Portable Media Center (PMC) is a portable media player (PMP) platform developed by Microsoft. Announced at the 2003 Consumer Electronics Show (CES), and released in early 2004, it was originally positioned as a competitor to Apple's iPod. All its hard drive-based players use a graphical user interface (GUI) modeled after Media Center, a software portal bundled with Windows XP Media Center Edition. Manufacturers of PMC devices included Creative, Philips, iriver, Samsung, and Toshiba.

==History==
The platform was conceived in line with Microsoft's Windows Media Center strategy, where the idea was to have a single media management interface that would be used on both PCs and in consumer devices, including televisions and handhelds. The strategy was developed by Microsoft's Windows Embedded group in partnership with the eHome Division, which formed in February 2001 and started partnerships with companies like Samsung with the goal to "develop new technologies so consumers can enjoy whole-home entertainment, communications and control experiences where, when and however they want them" and "develop an entire ecosystem of PCs, digital devices, intelligent home appliances and services that will easily and cost-effectively transform average households into next-generation digital homes." The Windows Media Center name was created with the release of a Windows XP product edition, Windows XP Media Center Edition, geared towards this ecosystem.

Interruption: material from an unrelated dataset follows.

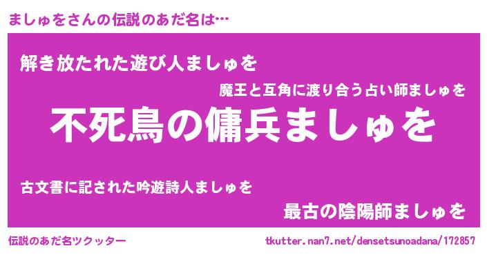 | 女子向けラノベタイトル風あだ名 | 『ましゅを姫と円卓の騎士』 |
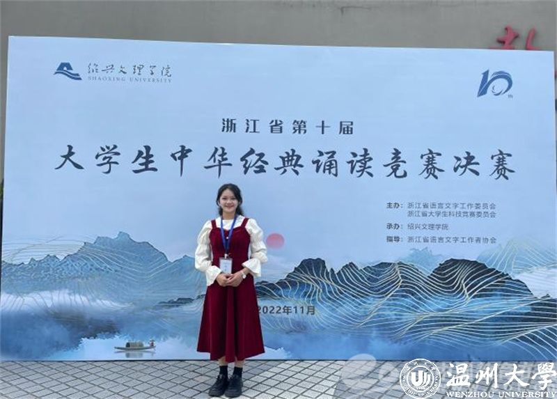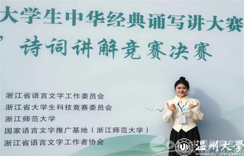 作为“00”后的一员,沈馨怡更是展现了这一代青年的独特魅力和风采。在竞赛领域,她不仅在省级中华经典诵写讲大赛中屡获一等奖,还代表浙江省参加国家级的“诗教中国”诗词讲解竞赛并斩获三等奖。此外,沈馨怡还积极投身社会实践和公益活动,担任51吃瓜 南白象附属实验小学“童音金话”拓展课负责人以及“伯温断案”廉洁作品导演等职务,她用自己的专业知识和热情为孩子们带去知识的乐趣,同时也通过艺术的形式传递廉洁文化,展现了当代大学生的社会责任感和使命感。她说道:“能传播温州声音、温大声音、“00后”声音,是我的幸运。”

Codenamed Media2Go, it was later rebranded as Windows Mobile software for Portable Media Centers, before being named Portable Media Center.

The Portable Media Center was succeeded by Zune, and served as the basis for its software. Zune had similar aims to provide a unifying media platform across PCs, devices, and televisions (3-screen strategy).

==Software==
Its operating system was a specialized version of Windows CE. In 2007, Microsoft discontinued licensing the platform.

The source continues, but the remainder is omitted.